Has Greece Miscalculated?
Greece’s strong argument in favour of greater accommodation on the part of creditors faces several hurdles that are likely to prove collectively insurmountable. Most obviously, debt relief would be politically difficult for a number of eurozone governments. Countries that have gone through their own painful economic adjustments in recent years will be loath to write down credit extended to a country seen – rightly or wrongly – as not willing to do the same. The prospect is equally unappealing in countries that have largely avoided the crisis but have provided big financial contributions to the various Greek support packages.
Even if public opinion could be swayed, creditors may take the view that there is still the need for significant policy change in Greece, and that debt relief would simply address the consequences of previous shortcomings, not the root causes. Greece still needs to undertake major reforms to deliver sustainable public finances and more robust economic growth, and creditors may be reluctant to surrender the ongoing conditionality provided by support programmes that could be discontinued if there were wholesale debt forgiveness. The risk would be that Greek imbalances re-emerge, eventually threatening the viability of the eurozone again.
The state of Greece’s banks seriously undermines the government’s negotiating position. Capital controls, bank closures and the cap on European Central Bank (ECB) liquidity mean the economy is steadily being asphyxiated, the consequences of which will be faced primarily by the government rather than its creditors. This adds considerable urgency to the need for the Greek authorities to reach an agreement that would ease the pressure on withdrawals and allow the ECB to reconsider the cap. In the absence of an agreement, it becomes increasingly likely that the government will need to introduce a secondary means of payment, commonly referred to as scrip. An officially sanctioned parallel currency could only be interpreted as an important step towards exit from the eurozone.
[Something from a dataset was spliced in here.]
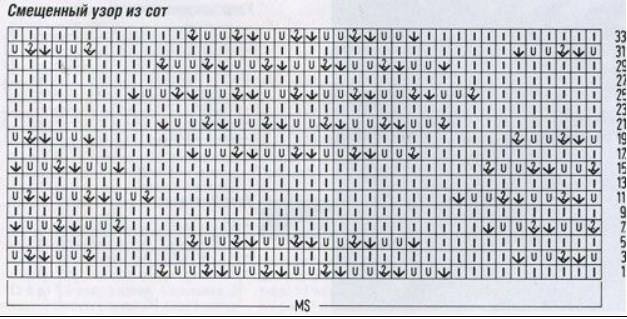 Раппорт составляет 12 п. и 12 р. в высоту. Схема узора соты отображает и лицевые, и изнаночные ряды.
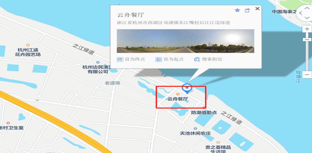 云舟餐厅 杭州市西湖区双浦镇东江嘴村后江江边绿道

A final point, which may only become clear once the history is written, is that the referendum might have tipped the balance of how other eurozone countries weigh the risks of Greece’s continued membership in the common currency area versus its exit. Greece may come to be viewed as a small and uniquely recalcitrant eurozone member that either can be effectively ring-fenced, or cannot be sufficiently altered to fit the eurozone mould, – or both. It could therefore spend some time on the outer edges of the eurozone periphery before membership becomes untenable.